Tuesday, September 29, 2020

18th Sunday after Pentecost

October 4, 2020

Crazy Love

Isaiah 5:1-7; Matthew 21:33-46

 

Vineyards and prophets and the story of God’s people:

Jesus is Jewish – we the people of God living in the 21st century and influenced by our Western culture all too often hear Scripture and the Bible through western eyes – Jesus is a first century Jew and vineyards and prophets and the story of God’s people were very familiar.

Isaiah uses the image of the vineyard to describe God’s relationship with his people.  He sings the song of the vineyard.  It is a love song.  God’s core and character is one of mercy.  This Love-Song – folk song tells the story of God’s people at the time of Isaiah.

God is keeping God’s side of the covenant.  God gives every opportunity for his people to yield fruitful grapes – but instead they yielded wild grapes… a better translation is rotting grapes. 

God remains faithful to his side of the covenant.   There is judgment for the vineyard – walls torn down – grounds trampled because where God intended justice, the people return bloodshed.  Where God intended righteousness, the cry of the downtrodden is heard.

Jesus picks up on this prophetic love song.  Jesus continues in the tradition of the prophets challenging the religious leaders to turn and repent and restore the core of the covenant:  JUSTICE – namely love of God and love of neighbor.

 So Jesus retells Isaiah’s well known story:

Christ is doing a commentary on Isaiah using the vineyard as an allegory.   The landowner, of course, is God.  The tenants are the religious leaders – the chief priests and Pharisees.   The story is told to the people – a people weary of the heavy laws and loss of compassion from their leaders.

The landowner sends wave after wave of slaves to collect the produce at harvest time.  The tenants seized his slaves, beat one, killed another, and stoned another.  

This is certainly an ‘R’ rated story due to the violence.  Finally the landowner sends his son. 

I don’t know why, but somehow the tenants think that in killing the son – they will somehow inherit the vineyard.  They seize the son, throw him out of the vineyard, and kill him.

Jesus asks the crowd gathered to hear the story: 

“What will the landowner do?”

Jesus does not answer that question, but the crowd does:  “He will put those wretches to a miserable death, and lease the vineyard to other tenants who will give him the produce at the harvest time.”

WOW!  This is a story of judgment – judgment on God’s people.  Jesus is channeling the Prophet Isaiah:

Where God intended justice, the people return bloodshed.  Where God intended righteousness, the cry of the downtrodden is heard.

Time and again the message of the prophets – righteousness and justice - is rejected and oft times the messenger killed.  Look at the history of God’s people.  Look at the history of the church.  How often has the church set aside standing for justice in order to survive unscathed?

So what do we do with this prophetic parable – this allegory of God’s people – both Israel and the Church? 

We hear and interpret it for our time:

God keeps sending messengers to faith communities – calling us to justice and righteousness –calling us to stand in solidarity with the least of these – hearing and responding to the cries of the downtrodden.  

On Good Friday we share what is called ‘The Solemn Admonitions’ – a call for us to repent. One of those solemn admonitions reads:

O my people, O my church, what more could I have done for you?

 Answer me.

 I planted you as my fairest vineyard, but you brought forth bitter fruit;

 I made you branches of the vine and never left your side,

but you have prepared a cross for your Savior.

Holy God, holy and mighty, holy and immortal, have mercy on us.

So, what do we do with this prophetic message today?  What does it mean for our life as individuals and as a congregation?

Martin Luther once said that sometimes you have to squeeze a biblical passage until it leaks the Gospel.

What is the Gospel message in this violent allegory about the prophets and their message being rejected time and time again?  Can we squeeze this passage until it leaks the Gospel? 

This is one of those passages that we dare to squeeze because at its core is crazy love.

Parents know about crazy love.

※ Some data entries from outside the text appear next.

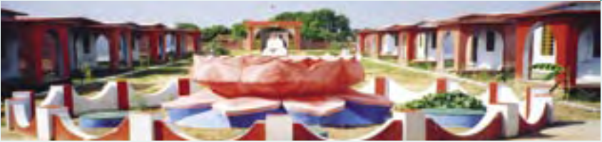
Mirzapur, Uttar Pradesh

For each development, MAM builds a community hall where residents can come together and celebrate festivals and public holidays. State governments throughout India provide the land for MAM to develop.
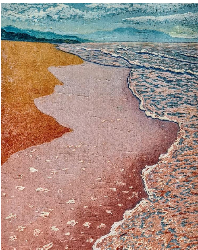
Rowan Simmons - 'Kjerokipah'
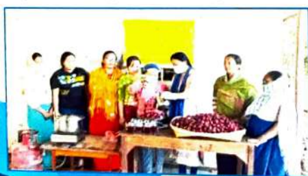
Popularisation of Roselle Jam production
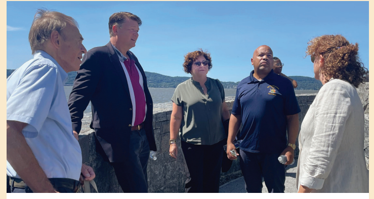
Inspecting the Tarrytown waterfront with Assembly Speaker Carl Heastie
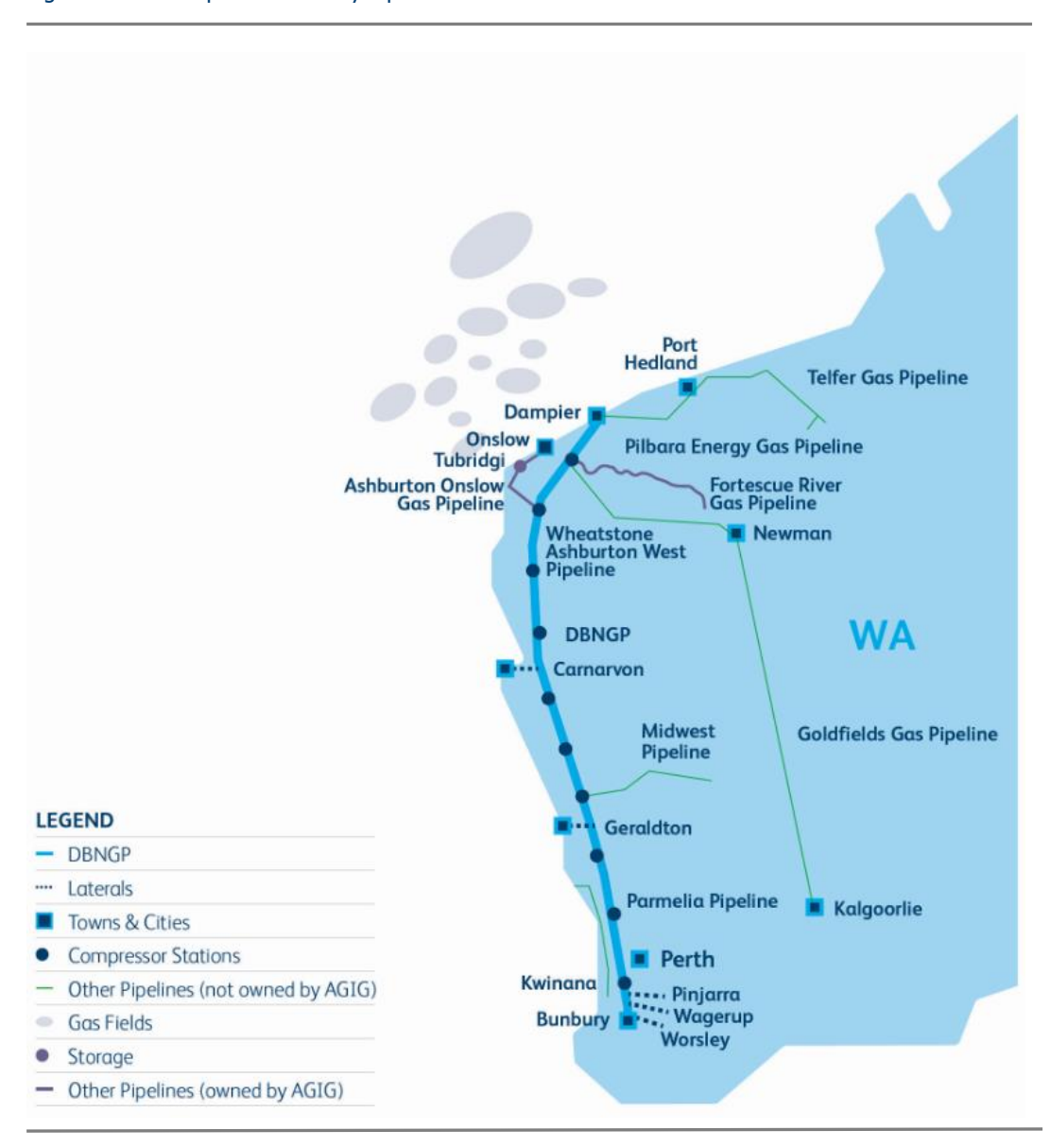
Figure 1 The Dampier to Bunbury Pipeline

It stretches almost 1,600km, linking the gas fields located in the state's northwest directly to mining, industrial and commercial customers, and ultimately via distribution networks (not owned by AGIG) to residential customers in Perth.

It is difficult to live with consequences when a child reared in a loving home makes unwise choices dashing the hopes and dreams of his parents. 

Yet what will parents do? Give up?  Do nothing?   Or continue in the relationship and with the constancy of a deep love -- keep sending a compassionate message…like the foolish crazy love landowner keeps sending messengers and then even his son.

Our former Bishop, Mark Hanson, has told this story of his own family to both lay and clergy gatherings.

Mark and his wife, Ione, adopted children.  One son went through his teen years in a state of rebellion.  Doing drugs and yes, even becoming addicted. 

Mark and Ione were beside themselves.  Even though they both were clergy and knew a lot about counseling they sought help for themselves while their son refused any help and just kept on abusing drugs.

So Ione and Mark were confronted with a situation that was desperate and seemed impossible. 

They loved their son – they kept sending messages of compassion – those time and again were rejected and the addicted behavior continued.  Finally they called the police and had their son arrested – charged with illegal use of drugs.  He was in prison.  But the deep compassion – crazy love was still there from his parents.

Ione tells how she and Mark visited their son while he was in prison.  They would go together and she recalls how before they were allowed into the secured area guards would wave a wand over each of them to check for any metal or items that they might be carrying.  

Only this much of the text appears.